'Super panga,' marijuana bales found on beach at Estero Bluffs

Large craft and up to 4,000 pounds of marijuana were left on the beach north of Cayucos

mfountain@thetribunenews.comJanuary 15, 2014 

Sheriff’s deputies are investigating the discovery Wednesday morning of a large panga boat and an estimated 3,500 to 4,000 pounds of marijuana stacked in bales on the beach at Estero Bluffs State Park, north of Cayucos and west of Highway 1.

As of Wednesday evening, no arrests had been made, and authorities were continuing to search for suspects.

The county Sheriff’s Office received a call at 7:20 a.m. from the U.S. Coast Guard, which reported seeing what appeared to be a large panga boat offshore of Morro Bay, heading north.

In response, deputies from the sheriff’s Special Operations Unit were dispatched to investigate.

At 8:20 a.m., someone called to report a panga boat on the beach at Estero Bluffs.

Unlike recent drug- and human-running skiffs found on local beaches in the past two years, the vessel discovered is more than 45 feet in length, is fitted with two 350-horsepower outboard motors and is informally known to law enforcement as a “super
panga.”

It took about 20 officers from the California Department of Fish and Wildlife, State Parks and the Sheriff’s Office to battle the outgoing tide and wrestle the beached vessel into water deep enough to be driven to the Morro Bay Harbor.

Undersheriff Tim Olivas, who was pulling the massive vessel in knee-deep surf with the rest of the officers, said a street value for the catch won’t be known until authorities assess its quality.

Olivas said it appeared the panga operators were interrupted during the offload given the amount of marijuana abandoned on the beach. Marijuana was packed inside large white bags that read “Salvado,” or “bran.” Seven barrels of
fuel were also pulled from the boat.

“At this point, we do not know if this was an accidental landing, but given the history of these landings here in recent history, my guess is it probably wasn’t accidental,” he said.

The boat itself is relatively expensive; including the two engines, Olivas estimated the panga to be worth up to $40,000.

“It’s a big, fast vessel,” Olivas said. “These are not cheap engines.”

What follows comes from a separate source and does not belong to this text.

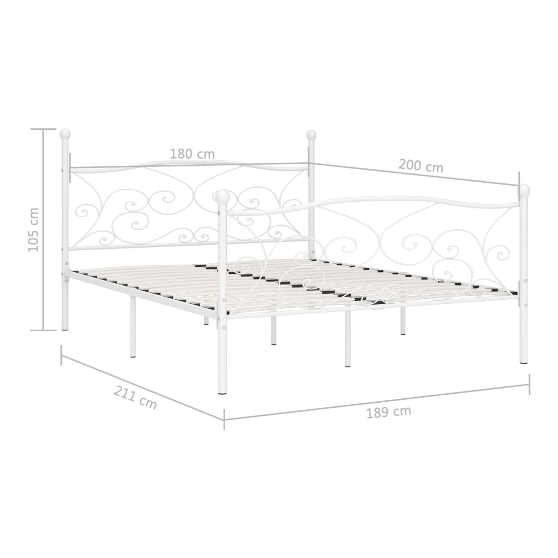 Cadre de lit et sommier à lattes Blanc Métal 180 x 200 cm

Olivas added that the Sheriff’s Office is working closely with federal agencies to continue to monitor the local coastline for drug runners, thought to originate from northern Mexico. Though the boats have for years been discovered in Southern California, they have been traveling farther north up the California coast. This is the 11th known to land in San Luis Obispo County since the first occurred in May 2012.

“We’re realizing this coastline really is the border, as far as these boats are concerned,” Olivas said.

The Wednesday morning incident marks the first panga boat discovered in 2014; in 2013, six pangas ran ashore locally, most recently in December.

The super panga was driven by two  Fish and Wildlife officers to the Morro Bay Harbor, where it will be processed and later taken to the Sheriff’s Office headquarters in San Luis Obispo.